I can decide who I am.
And I can decide who I am not.
But I can’t decide who others think I am.

And that is a difficult part of life.
Because who I am to myself and who I am
to everyone else
is rarely the same person.

And how does that make sense?
How is one person
many
in the face of the whole world?

This is no swan song pronouncement.
This is the point of all my songs:
How do I decide who I am when
every person in the world is telling me something
different?

How do I decide who I am not
when the very fibers of my heart
spin outward,
opposite heartstrings
tugging east and west,
driving me toward sun and moon and stars?

Because this is the story I thought I would’ve told by now.
That girl, fourteen,
discovering that her voice makes other people feel things –

That girl made a decision to bear her soul
to a world that called her
too many names.
She decided that who she was
was a poet and a thinker.
A storyteller
and a magician;
a weaver of invisible abstractions,
of threads too thin for others to slip through a needle.

She made a decision to start a tapestry
that even she couldn’t imagine.

And I think she discovered,
year after year,
poem after poem,
night after night of spinning thoughts into words
and words into stories
and stories into golden patchwork quilts fit for queens and paupers –

I think she discovered that she still never got a grasp on her own soul.
And maybe that she never would.
And maybe that she never wanted to.

Every moment spent trying to be somebody
for somebody else,
till she was telling the stories so loudly and so boldly that
maybe
she lost herself.

Without
realizing it.

Is that how it happens?
Do you become the person you are
without deciding to become the person
you are?
Is that how it was supposed to happen?

Do we write ourselves into our own stories?

Do I let every poem end unresolved
because mysteries are all that girl ever knew how to write?

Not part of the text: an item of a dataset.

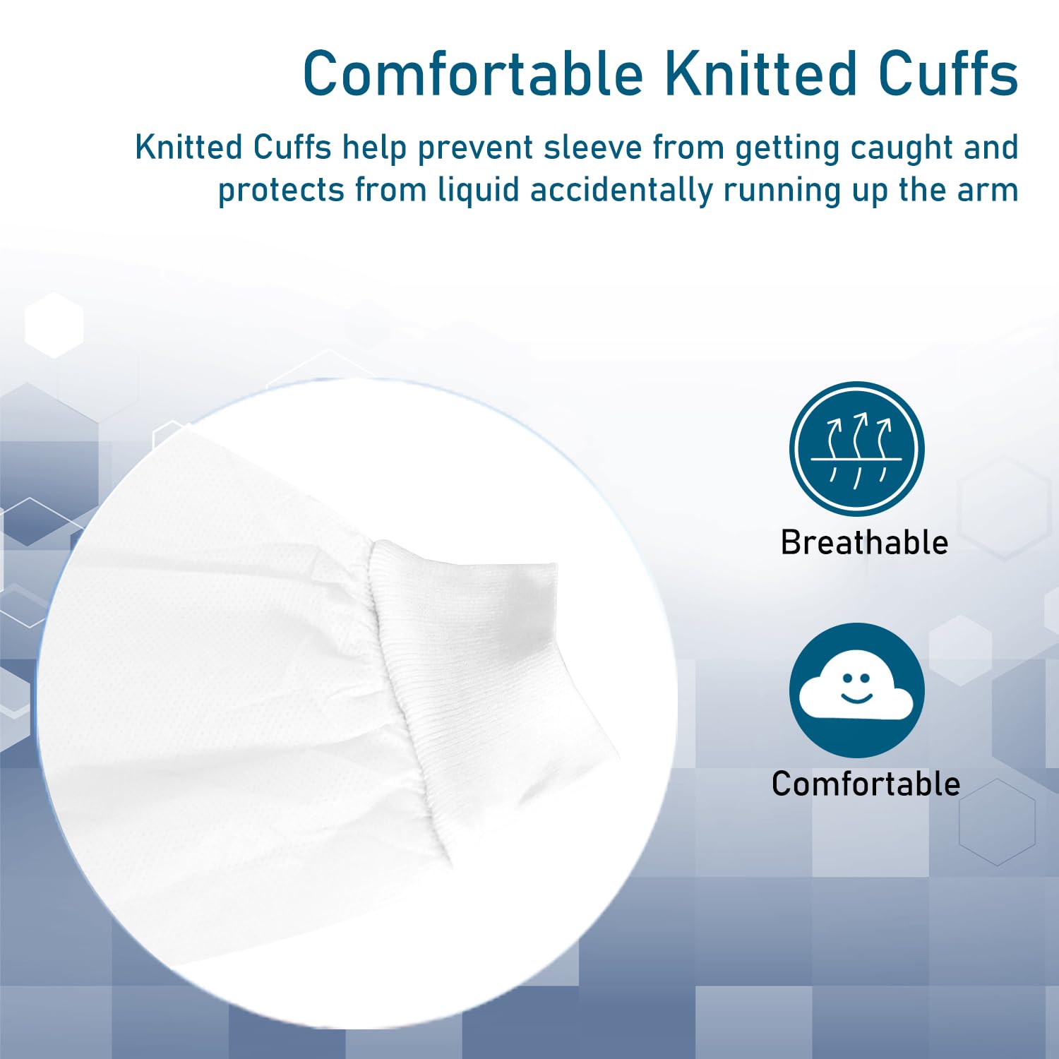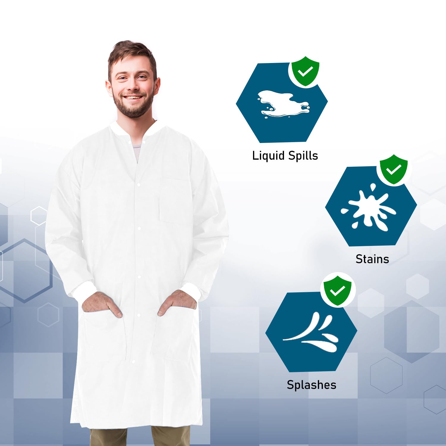 EOM Distributors High-Performance SMS Disposable Lab Coat with Knit Cuffs and Collar, Thigh Length - White (30 Pack)

She was a poet and a magician.

She thought so.

Did I make a decision
to make myself
unknowable
to my self?

Storytelling

sunflower crowns

Are you telling the stories I gave to you?
It is a haunting and ever-present question,
buried deep in my heart and pounding the air around my ears –

Are you telling the stories I gave to you?

Does your heart open up,
do you bleed the words and the feelings and the
emptiness,
are you sure that this life is not lived
in silence?

And the fear comes here:
I have become so much and so little of myself in the past two months.
I am ten thousand miles into a journey
that is ten billion miles long,
my life a plain stretched wide across the canvas of
some great celestial painter.

I have lived so much life in the span of two
silent
months –
new job, new house, new life, new people, new ideas, new experiences, new
depths delved deep within.

My heart, harried and tired and raw like new skin,
beating a hundred different rhythms as it once again finds its own,
is bursting with stories that have only unfurled their
delicate
story
wings
before a few.

And that same question,
filled with the guilt and the grace of every god who has offered either:
Are you telling the stories I gave to you?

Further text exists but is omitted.